─── Provided entries

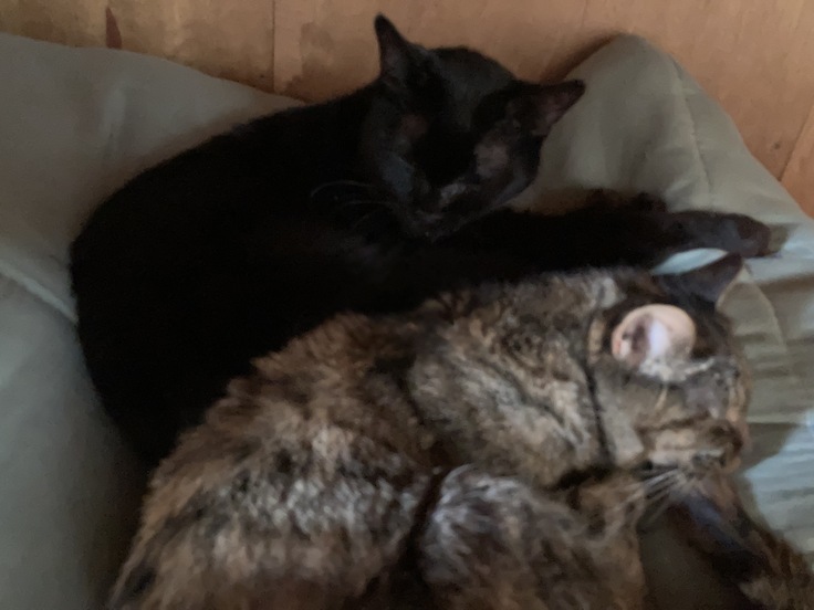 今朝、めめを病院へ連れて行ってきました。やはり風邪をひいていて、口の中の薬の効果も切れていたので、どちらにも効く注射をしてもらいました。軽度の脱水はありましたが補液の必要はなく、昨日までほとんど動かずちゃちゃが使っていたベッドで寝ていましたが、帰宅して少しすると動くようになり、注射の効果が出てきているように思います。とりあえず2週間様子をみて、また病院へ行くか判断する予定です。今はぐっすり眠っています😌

──────
─── Provided entries

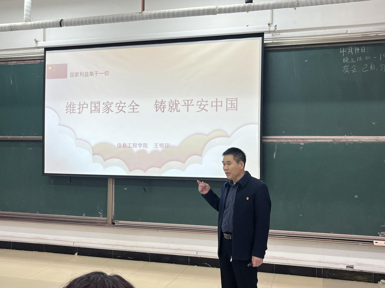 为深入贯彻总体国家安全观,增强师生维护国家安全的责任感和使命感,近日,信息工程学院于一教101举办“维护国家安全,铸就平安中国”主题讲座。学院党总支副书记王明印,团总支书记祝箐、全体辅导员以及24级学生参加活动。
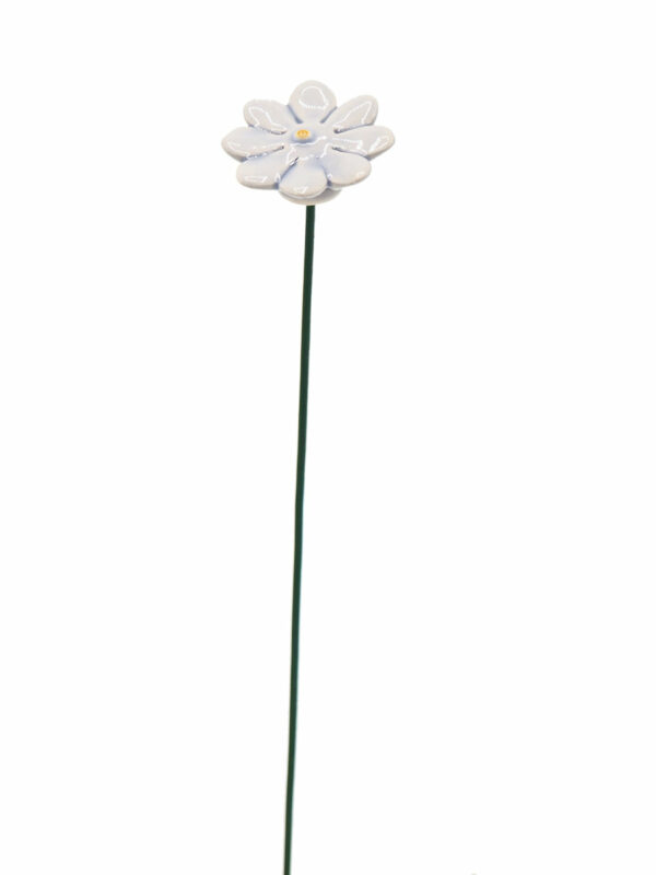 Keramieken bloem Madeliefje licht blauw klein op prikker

──────

Transcribe the lines above exactly, beginning at the one with "为深入贯彻总体国家安全观,增" and ending at the one with "Keramieken bloem Madeliefje". Include both; exclude the pictures.

- Response
 为深入贯彻总体国家安全观,增强师生维护国家安全的责任感和使命感,近日,信息工程学院于一教101举办“维护国家安全,铸就平安中国”主题讲座。学院党总支副书记王明印,团总支书记祝箐、全体辅导员以及24级学生参加活动。
 Keramieken bloem Madeliefje licht blauw klein op prikker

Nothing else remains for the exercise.